=== Begin Enclosure ===

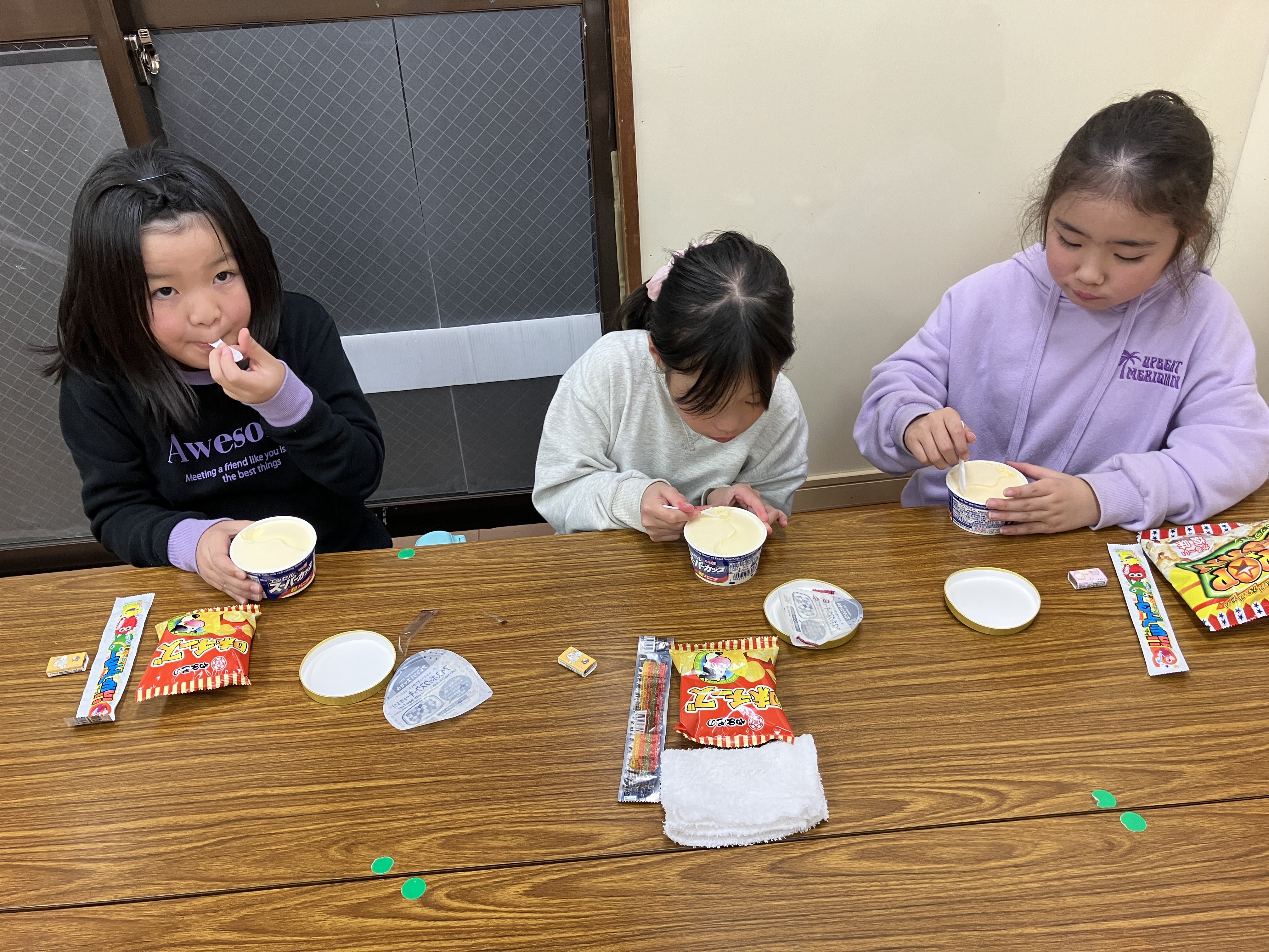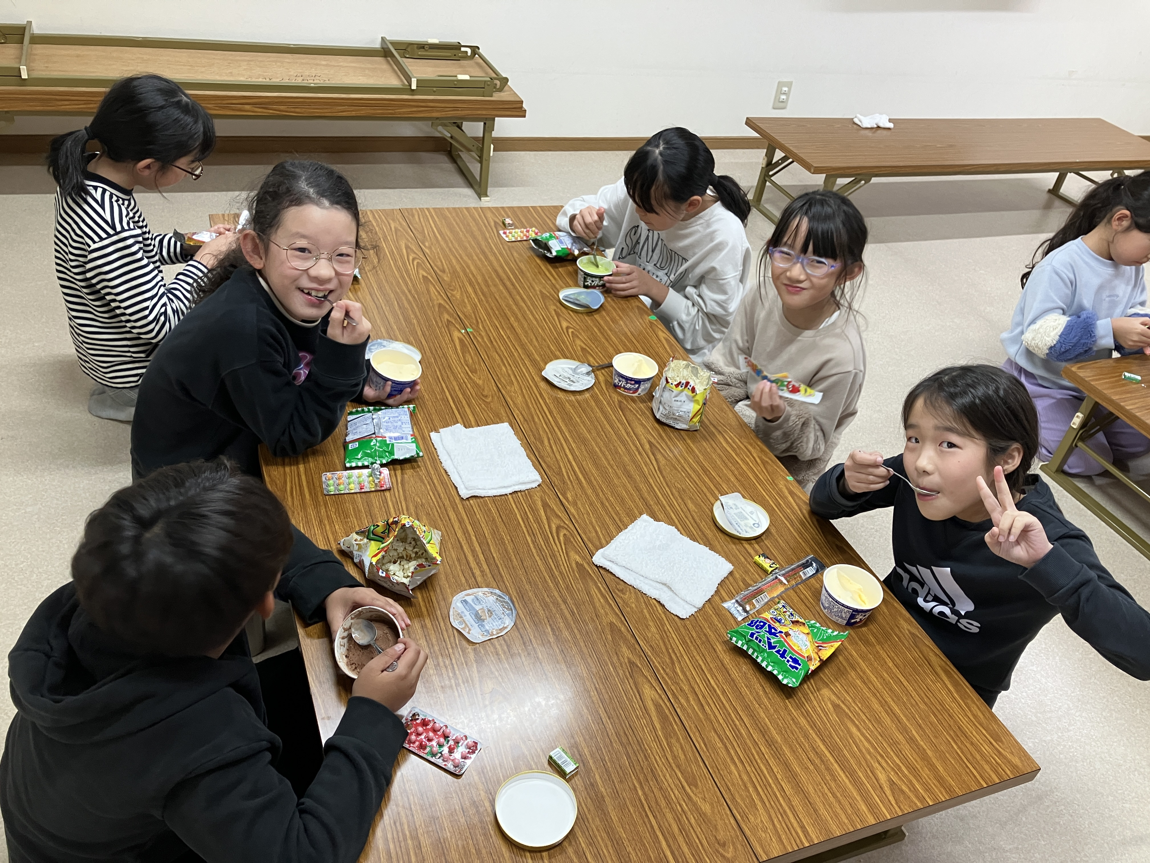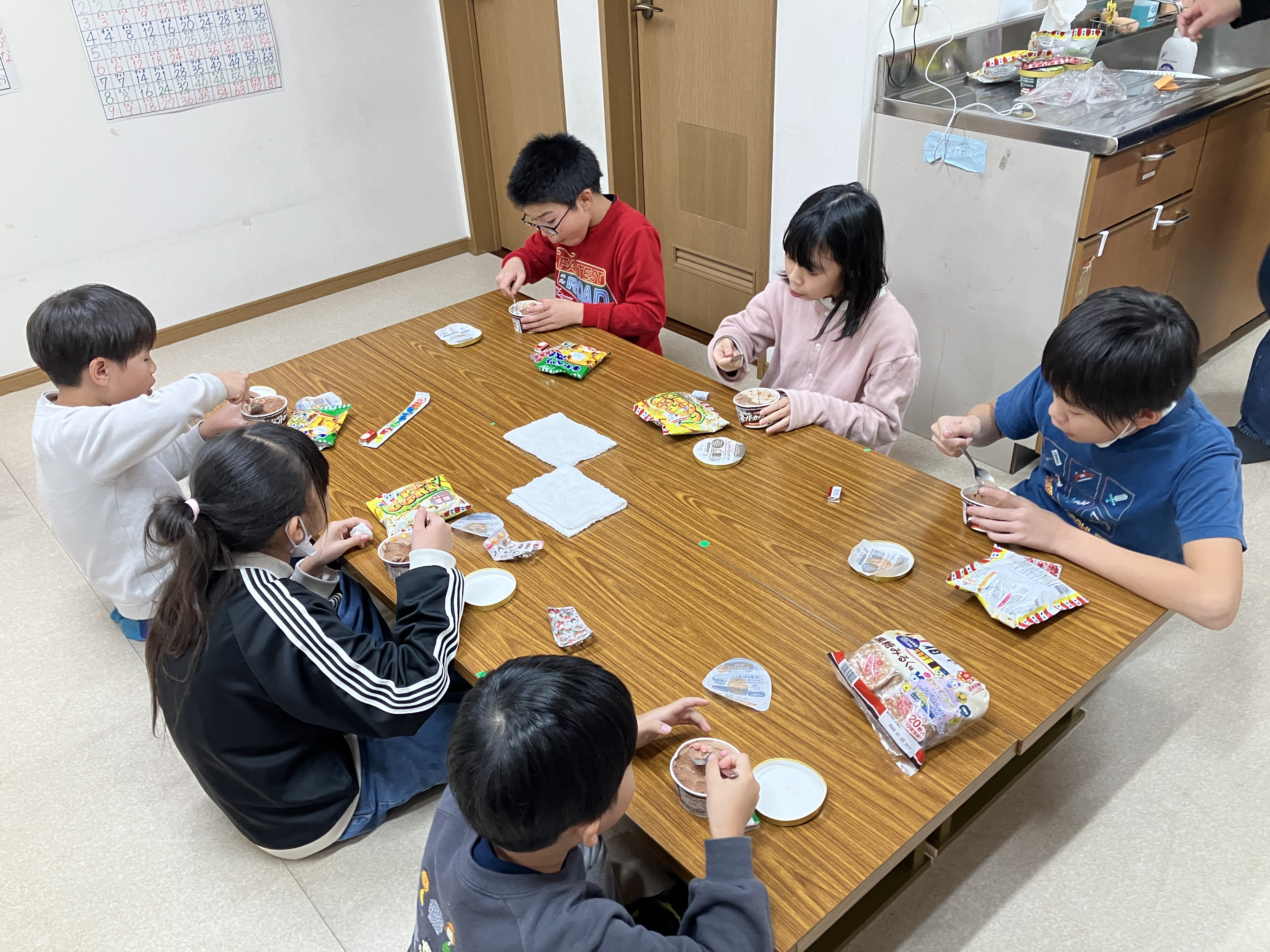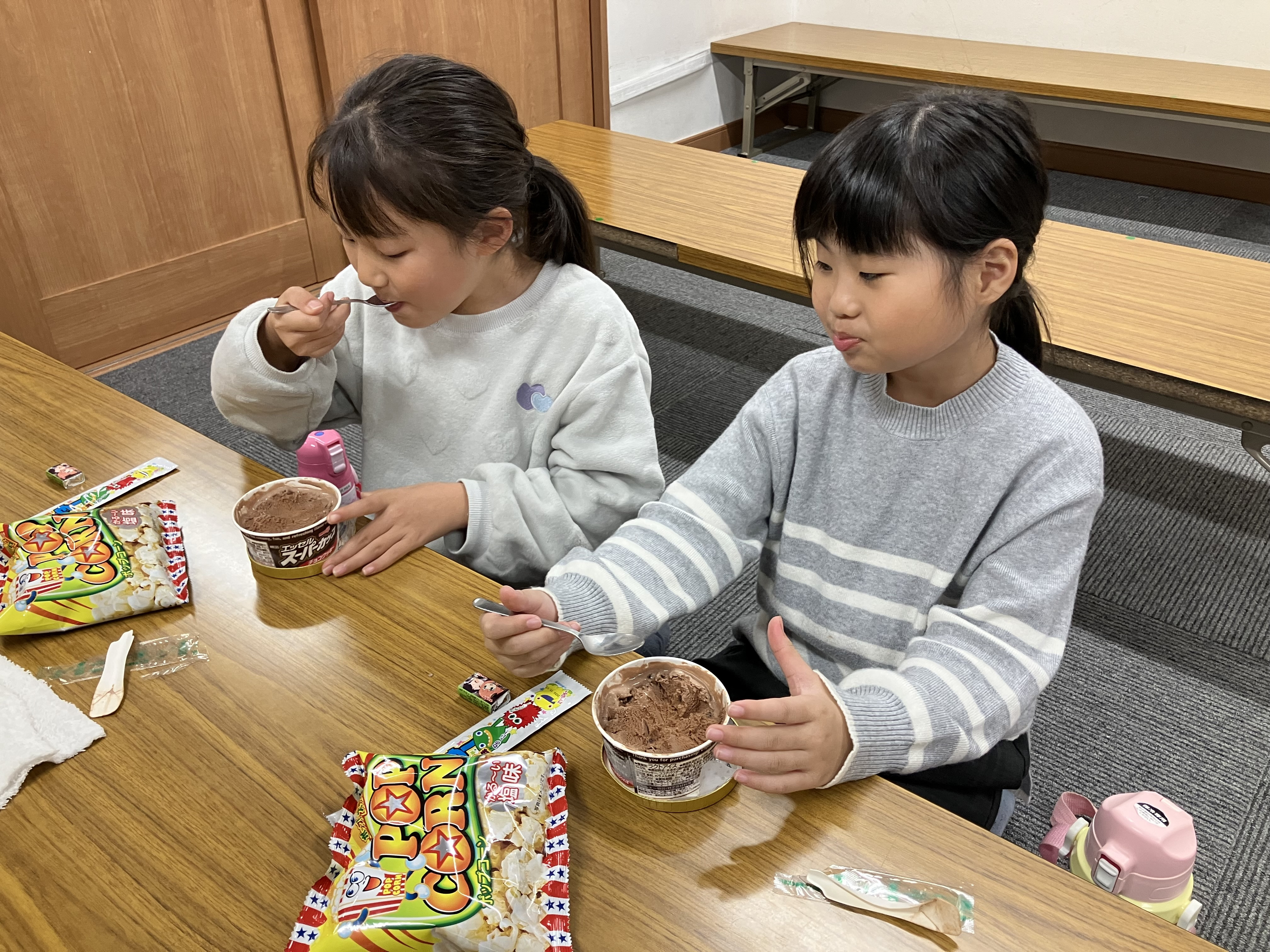 アイスでしたが、盛り上がってアツアツに体温が上がり切った子ども達には丁度良いおやつでした(笑)
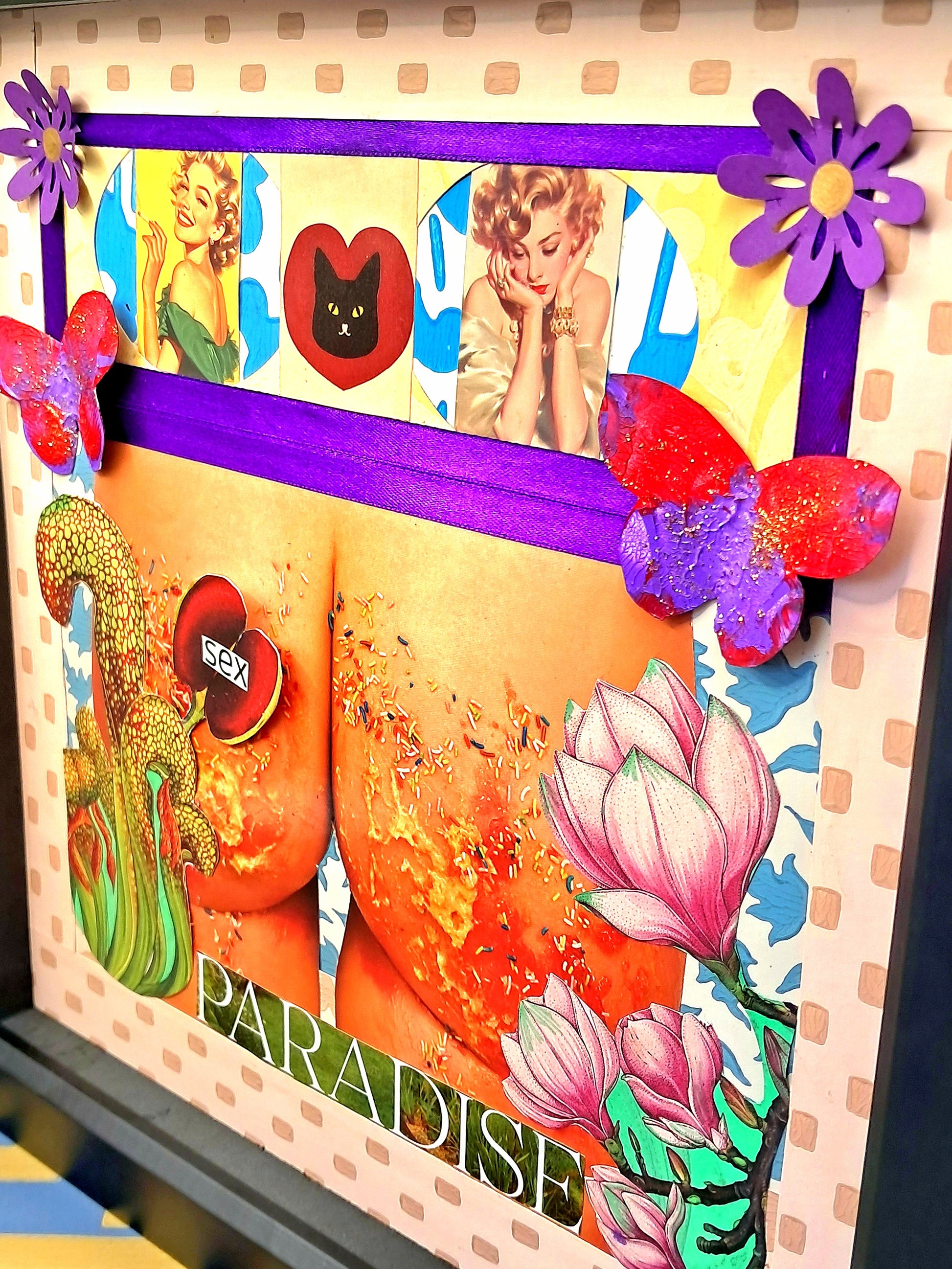 SWEET PARADISE. ORIGINAL COLLAGE ART. FRAMED.
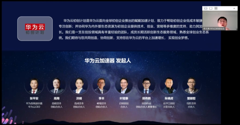 第二个板块就是华为云加速器,华为云加速器是今年9月份华为云CEO张平安协同了另外的7家国内顶尖的初创领域VC投资的合伙人共同发起的。
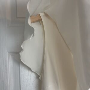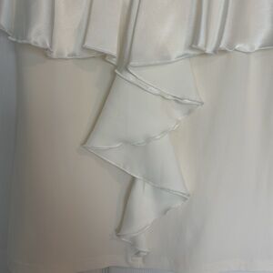 Gorgeous satin ruffle top from Joseph Ribkoff. Simple cream tank top with ruffle detail down front and satin overlay.

=== End Enclosure ===

The task:
Every line from the one holding "第二个板块就是华为云加速器,华为云加速器" through the final line of the data above is to be reproduced exactly, both ends included, with the pictures left out.

Answer box:
 第二个板块就是华为云加速器,华为云加速器是今年9月份华为云CEO张平安协同了另外的7家国内顶尖的初创领域VC投资的合伙人共同发起的。
 Gorgeous satin ruffle top from Joseph Ribkoff. Simple cream tank top with ruffle detail down front and satin overlay.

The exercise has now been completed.